- Opening Delimiter -

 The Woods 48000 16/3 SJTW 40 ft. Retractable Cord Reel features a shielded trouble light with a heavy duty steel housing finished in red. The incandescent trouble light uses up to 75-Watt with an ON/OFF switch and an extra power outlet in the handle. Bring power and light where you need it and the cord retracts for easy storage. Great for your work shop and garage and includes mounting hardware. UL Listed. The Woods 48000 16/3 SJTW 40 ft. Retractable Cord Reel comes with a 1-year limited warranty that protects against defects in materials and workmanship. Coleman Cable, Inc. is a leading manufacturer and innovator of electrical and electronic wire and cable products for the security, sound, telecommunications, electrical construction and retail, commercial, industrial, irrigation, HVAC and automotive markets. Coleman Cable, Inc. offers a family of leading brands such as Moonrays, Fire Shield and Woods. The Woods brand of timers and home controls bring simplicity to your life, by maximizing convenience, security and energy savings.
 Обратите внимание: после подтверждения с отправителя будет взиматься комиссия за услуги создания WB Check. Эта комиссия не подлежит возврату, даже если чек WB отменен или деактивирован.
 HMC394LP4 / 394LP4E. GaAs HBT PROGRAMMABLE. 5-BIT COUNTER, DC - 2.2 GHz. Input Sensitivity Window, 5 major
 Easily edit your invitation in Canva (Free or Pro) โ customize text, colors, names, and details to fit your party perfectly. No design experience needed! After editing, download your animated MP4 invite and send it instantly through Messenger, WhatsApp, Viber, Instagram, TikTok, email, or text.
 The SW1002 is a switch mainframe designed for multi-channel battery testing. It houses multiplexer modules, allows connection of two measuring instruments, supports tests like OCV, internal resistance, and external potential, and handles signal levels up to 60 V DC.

- Closing Delimiter -

### Assignment:
Transcribe the listing. Every line must match exactly.

### Your response:
 The Woods 48000 16/3 SJTW 40 ft. Retractable Cord Reel features a shielded trouble light with a heavy duty steel housing finished in red. The incandescent trouble light uses up to 75-Watt with an ON/OFF switch and an extra power outlet in the handle. Bring power and light where you need it and the cord retracts for easy storage. Great for your work shop and garage and includes mounting hardware. UL Listed. The Woods 48000 16/3 SJTW 40 ft. Retractable Cord Reel comes with a 1-year limited warranty that protects against defects in materials and workmanship. Coleman Cable, Inc. is a leading manufacturer and innovator of electrical and electronic wire and cable products for the security, sound, telecommunications, electrical construction and retail, commercial, industrial, irrigation, HVAC and automotive markets. Coleman Cable, Inc. offers a family of leading brands such as Moonrays, Fire Shield and Woods. The Woods brand of timers and home controls bring simplicity to your life, by maximizing convenience, security and energy savings.
 Обратите внимание: после подтверждения с отправителя будет взиматься комиссия за услуги создания WB Check. Эта комиссия не подлежит возврату, даже если чек WB отменен или деактивирован.
 HMC394LP4 / 394LP4E. GaAs HBT PROGRAMMABLE. 5-BIT COUNTER, DC - 2.2 GHz. Input Sensitivity Window, 5 major
 Easily edit your invitation in Canva (Free or Pro) โ customize text, colors, names, and details to fit your party perfectly. No design experience needed! After editing, download your animated MP4 invite and send it instantly through Messenger, WhatsApp, Viber, Instagram, TikTok, email, or text.
 The SW1002 is a switch mainframe designed for multi-channel battery testing. It houses multiplexer modules, allows connection of two measuring instruments, supports tests like OCV, internal resistance, and external potential, and handles signal levels up to 60 V DC.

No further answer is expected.